It was only a matter of time, I suppose. Comic-book superheroes have gone into the liberal political indoctrination business.

Well, I have a 1978 comic book entitled "Mickey Mouse and Goofy Explore Energy Conservation," which proves that comic books have been doing liberal political indoctrination for quite some time, but let's hear Brent's specific gripes:
The September issue of the DC Comics book "Justice League of America," or "JLA," presents Superman, Batman and Wonder Woman as U.N.-promoting paper dolls for a thinly disguised propaganda play against President Bush's war on Saddam Hussein.
The story begins with a "napalmetto" attack on home soil.
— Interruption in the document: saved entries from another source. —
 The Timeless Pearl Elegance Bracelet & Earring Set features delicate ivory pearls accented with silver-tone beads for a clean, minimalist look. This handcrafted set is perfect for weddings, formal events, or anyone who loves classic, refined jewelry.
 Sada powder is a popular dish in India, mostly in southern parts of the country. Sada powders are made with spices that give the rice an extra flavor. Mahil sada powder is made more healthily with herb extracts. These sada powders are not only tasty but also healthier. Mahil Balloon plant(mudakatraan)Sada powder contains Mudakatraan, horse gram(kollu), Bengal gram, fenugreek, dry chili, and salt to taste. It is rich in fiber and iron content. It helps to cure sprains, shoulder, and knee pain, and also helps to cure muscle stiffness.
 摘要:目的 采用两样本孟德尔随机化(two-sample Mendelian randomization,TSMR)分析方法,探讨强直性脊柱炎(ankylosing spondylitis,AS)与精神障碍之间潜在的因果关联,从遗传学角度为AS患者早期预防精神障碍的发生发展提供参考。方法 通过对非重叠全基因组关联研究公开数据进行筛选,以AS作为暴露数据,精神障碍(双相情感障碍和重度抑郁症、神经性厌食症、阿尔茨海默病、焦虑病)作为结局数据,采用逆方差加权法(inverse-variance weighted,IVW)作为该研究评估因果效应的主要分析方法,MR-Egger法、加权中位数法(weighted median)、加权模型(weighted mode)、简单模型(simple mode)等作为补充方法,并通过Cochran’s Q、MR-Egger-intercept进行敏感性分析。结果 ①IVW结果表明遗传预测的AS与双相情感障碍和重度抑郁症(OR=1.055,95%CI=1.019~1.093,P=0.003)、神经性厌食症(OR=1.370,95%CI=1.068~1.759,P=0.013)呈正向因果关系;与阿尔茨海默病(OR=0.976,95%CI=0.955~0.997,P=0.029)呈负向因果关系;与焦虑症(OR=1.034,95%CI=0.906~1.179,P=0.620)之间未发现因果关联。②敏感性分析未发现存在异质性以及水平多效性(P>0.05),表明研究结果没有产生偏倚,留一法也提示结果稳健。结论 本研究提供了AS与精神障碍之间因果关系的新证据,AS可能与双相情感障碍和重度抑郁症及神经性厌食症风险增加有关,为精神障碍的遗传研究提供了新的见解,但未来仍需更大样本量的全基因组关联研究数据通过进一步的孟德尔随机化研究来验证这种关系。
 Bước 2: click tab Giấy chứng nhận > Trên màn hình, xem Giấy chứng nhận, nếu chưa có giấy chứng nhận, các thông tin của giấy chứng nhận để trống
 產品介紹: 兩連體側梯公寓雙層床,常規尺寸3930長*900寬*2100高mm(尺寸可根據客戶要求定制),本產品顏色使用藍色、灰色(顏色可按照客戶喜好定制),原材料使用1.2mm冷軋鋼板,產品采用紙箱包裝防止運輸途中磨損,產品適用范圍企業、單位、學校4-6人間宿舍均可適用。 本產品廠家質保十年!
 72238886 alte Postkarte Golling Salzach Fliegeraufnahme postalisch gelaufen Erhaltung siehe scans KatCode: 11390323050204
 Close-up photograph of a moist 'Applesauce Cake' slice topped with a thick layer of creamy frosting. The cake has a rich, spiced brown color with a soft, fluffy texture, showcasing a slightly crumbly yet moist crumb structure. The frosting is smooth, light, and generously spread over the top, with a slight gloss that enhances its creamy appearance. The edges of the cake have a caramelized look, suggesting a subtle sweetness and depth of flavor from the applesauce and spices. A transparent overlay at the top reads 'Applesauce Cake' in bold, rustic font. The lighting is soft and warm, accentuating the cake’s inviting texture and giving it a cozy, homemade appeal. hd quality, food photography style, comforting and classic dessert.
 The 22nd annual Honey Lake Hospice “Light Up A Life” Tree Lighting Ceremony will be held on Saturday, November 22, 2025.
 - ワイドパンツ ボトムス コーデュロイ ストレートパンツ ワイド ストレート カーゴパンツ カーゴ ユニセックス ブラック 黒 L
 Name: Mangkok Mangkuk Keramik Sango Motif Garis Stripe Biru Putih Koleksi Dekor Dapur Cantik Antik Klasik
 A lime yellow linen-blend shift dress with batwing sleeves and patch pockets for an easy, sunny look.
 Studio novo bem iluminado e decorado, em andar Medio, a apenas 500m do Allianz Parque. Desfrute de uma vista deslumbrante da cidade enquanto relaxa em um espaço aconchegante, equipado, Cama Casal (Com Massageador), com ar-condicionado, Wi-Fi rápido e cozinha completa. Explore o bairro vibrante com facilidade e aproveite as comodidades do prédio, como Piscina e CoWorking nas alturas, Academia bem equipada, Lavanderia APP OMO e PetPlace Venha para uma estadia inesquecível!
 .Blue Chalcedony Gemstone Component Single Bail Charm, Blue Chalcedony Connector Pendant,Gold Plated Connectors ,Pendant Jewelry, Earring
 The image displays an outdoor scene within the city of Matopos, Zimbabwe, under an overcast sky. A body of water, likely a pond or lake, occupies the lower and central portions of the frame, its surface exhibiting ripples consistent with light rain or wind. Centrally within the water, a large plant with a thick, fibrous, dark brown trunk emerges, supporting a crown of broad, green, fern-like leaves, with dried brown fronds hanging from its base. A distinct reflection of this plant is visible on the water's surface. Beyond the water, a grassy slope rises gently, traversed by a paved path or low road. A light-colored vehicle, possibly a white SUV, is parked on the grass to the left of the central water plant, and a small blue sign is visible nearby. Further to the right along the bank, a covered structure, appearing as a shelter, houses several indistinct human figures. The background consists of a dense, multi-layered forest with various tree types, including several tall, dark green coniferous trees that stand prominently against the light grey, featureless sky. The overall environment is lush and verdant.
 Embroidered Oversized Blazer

President Lex Luthor -- how nice, a supervillain standing in for President Bush -- [Note: that WAS nice, since nobody I know would describe George as "super"-- I bet even his Mom has to admit that he's pretty average] connects the terror attack to "Qurac" and says the "Joint Chiefs are recommending military pressure." Wonder Woman protests: "International law and the U.N. Charter forbid unprovoked action against a sovereign nation." She then lectures, "We cannot simply disregard international ethics to depose him ... what message does that send to the world?"
(Ten-year-old Johnny must be on the edge of his seat reading this, don't you think?)
Brent goes on to explain the parallels between the comic book and the Iraq invasion ("Where do you get off questioning me? ... It's unbecoming to question your president during times of international unrest"), and how Superman can't decide what he should do, until finally he vows, "I will know the truth, and I will not feel ashamed or be called un-American for demanding it." But the comic ends happily, when Superman wakes up and it was all a bad dream.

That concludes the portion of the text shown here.